### PROBLEM:
Leaving out the pictures, please retype each record exactly.

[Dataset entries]

——————

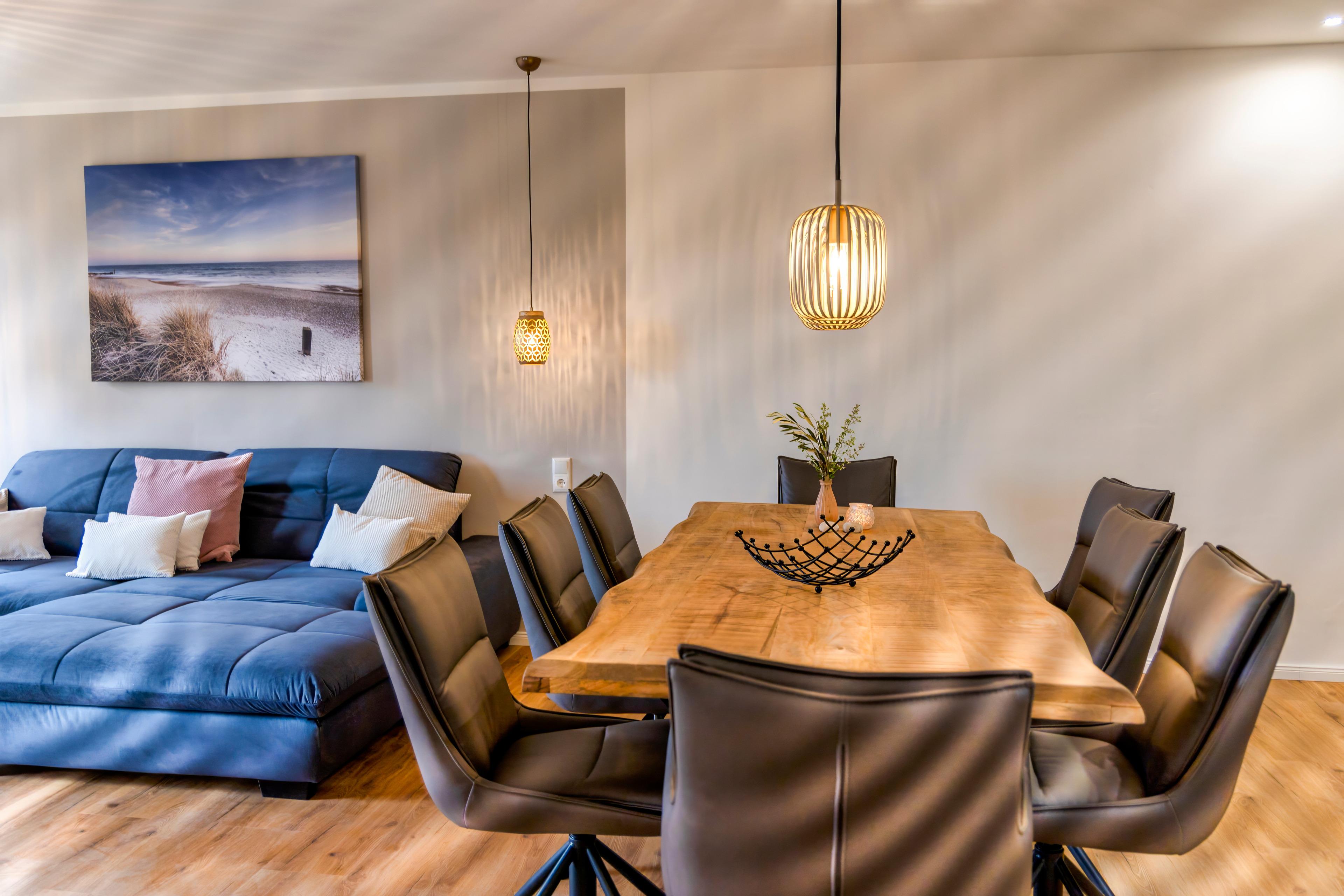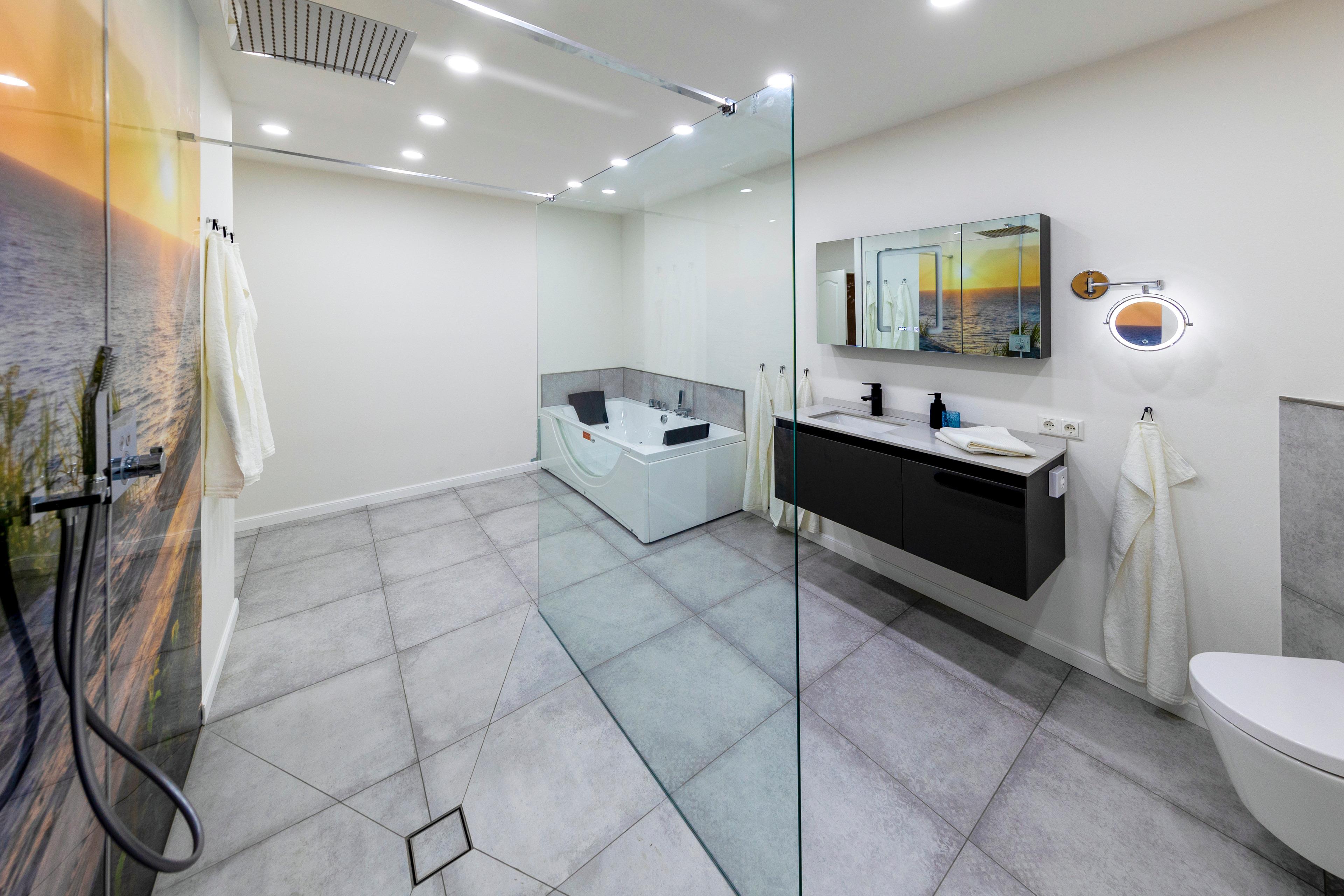 Eine Fußbodenheizung sorgt im ganzen Haus für wohlige Wärme und eine Klimaanlage rundet das ganze ab. In den stilvollen Bädern finden Sie bodengleiche Duschen und Infrarotkabinen, die nach einem erfrischenden Tag an der Nordsee zum Aufwärmen einladen. Genießen Sie ein Glas Wein bei Kerzenschein im großen Whirlpool und entspannen Sie anschließend im bequemen Boxspringbett, vielleicht mit einem Film auf dem großen Flachbildfernseher.
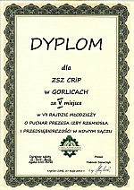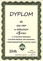 28 maja grupa uczniów naszej szkoły wzięła udział w XVII Rajdzie im. św. Jana Pawła II szlakami Beskidu Niskiego szkół ponadgimnazjalnych powiatu gorlickiego. Młodzież ZSZ CR i P pod opieką mgr Jerzego Rubicza szła trasą: Gorlice - Wapienne. Dominika Rówińska z klasy III zajęła I miejsce w konkursie wiedzy o życiu św. Jana Pawła II i w konkursie wiedzy turystycznej o Beskidzie Niskim a Barbara Mendrela rownież z III klasy miejsce IV w konkursie wiedzy turystycznej o Beskidzie Niskim. |
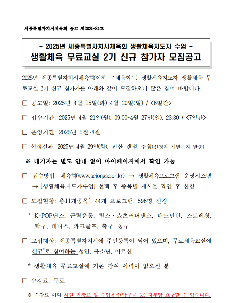 | 접수기간 | 2025.04.21.(월) 09:00 ~ 2025.04.27.(일) 23:30 |
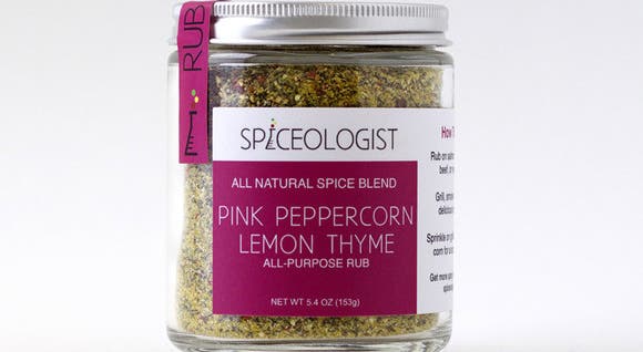 Spiceologist Pink Peppercorn Lemon Thyme Rub dresses up corn, fish, beef, chicken and vegetables with its intensely flavorful blend of spices including lemon peel powder, ground black pepper, whole pink peppercorns, dried thyme and kosher salt. This zesty and citrusy rub is ideal for barbecue season, and is free of artificial ingredients and MSG.
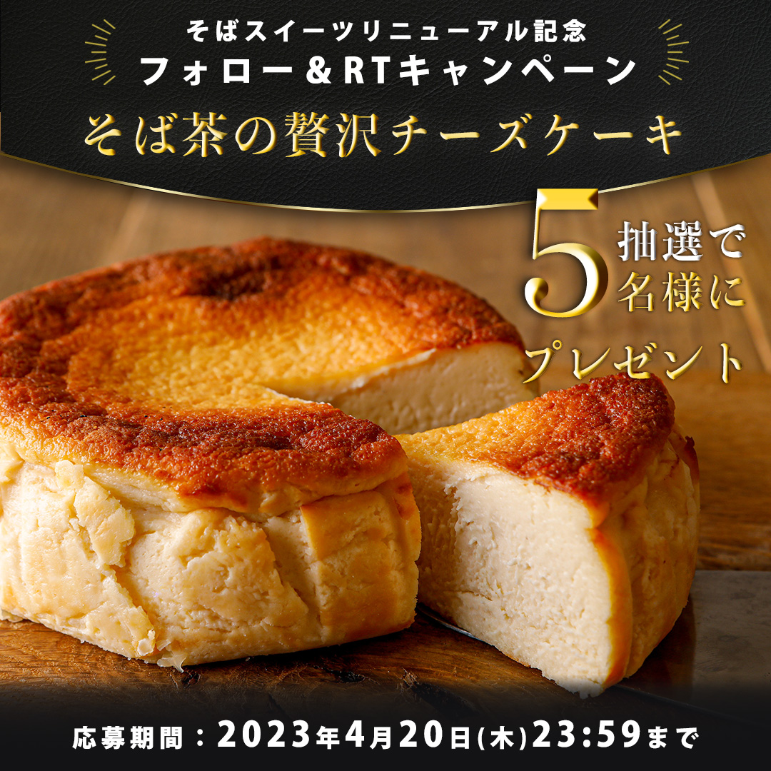 / そばスイーツリニューアル記念 フォロー&RT #キャンペーン 🌸 \ 抽選で5⃣名様に そば茶の贅沢チーズケーキをプレゼント🎁 🎁応募方法 1⃣ @nikkoku_seifun をフォロー 2⃣本ツイートをリツイート 🗓締切:2023/4/20 23:59 ご応募お待ちしております❣ #プレゼントCP 👇応募規約👀

——————

### RESPONSE TO THE EXERCISE:
 Eine Fußbodenheizung sorgt im ganzen Haus für wohlige Wärme und eine Klimaanlage rundet das ganze ab. In den stilvollen Bädern finden Sie bodengleiche Duschen und Infrarotkabinen, die nach einem erfrischenden Tag an der Nordsee zum Aufwärmen einladen. Genießen Sie ein Glas Wein bei Kerzenschein im großen Whirlpool und entspannen Sie anschließend im bequemen Boxspringbett, vielleicht mit einem Film auf dem großen Flachbildfernseher.
 28 maja grupa uczniów naszej szkoły wzięła udział w XVII Rajdzie im. św. Jana Pawła II szlakami Beskidu Niskiego szkół ponadgimnazjalnych powiatu gorlickiego. Młodzież ZSZ CR i P pod opieką mgr Jerzego Rubicza szła trasą: Gorlice - Wapienne. Dominika Rówińska z klasy III zajęła I miejsce w konkursie wiedzy o życiu św. Jana Pawła II i w konkursie wiedzy turystycznej o Beskidzie Niskim a Barbara Mendrela rownież z III klasy miejsce IV w konkursie wiedzy turystycznej o Beskidzie Niskim. |
 | 접수기간 | 2025.04.21.(월) 09:00 ~ 2025.04.27.(일) 23:30 |
 Spiceologist Pink Peppercorn Lemon Thyme Rub dresses up corn, fish, beef, chicken and vegetables with its intensely flavorful blend of spices including lemon peel powder, ground black pepper, whole pink peppercorns, dried thyme and kosher salt. This zesty and citrusy rub is ideal for barbecue season, and is free of artificial ingredients and MSG.
 / そばスイーツリニューアル記念 フォロー&RT #キャンペーン 🌸 \ 抽選で5⃣名様に そば茶の贅沢チーズケーキをプレゼント🎁 🎁応募方法 1⃣ @nikkoku_seifun をフォロー 2⃣本ツイートをリツイート 🗓締切:2023/4/20 23:59 ご応募お待ちしております❣ #プレゼントCP 👇応募規約👀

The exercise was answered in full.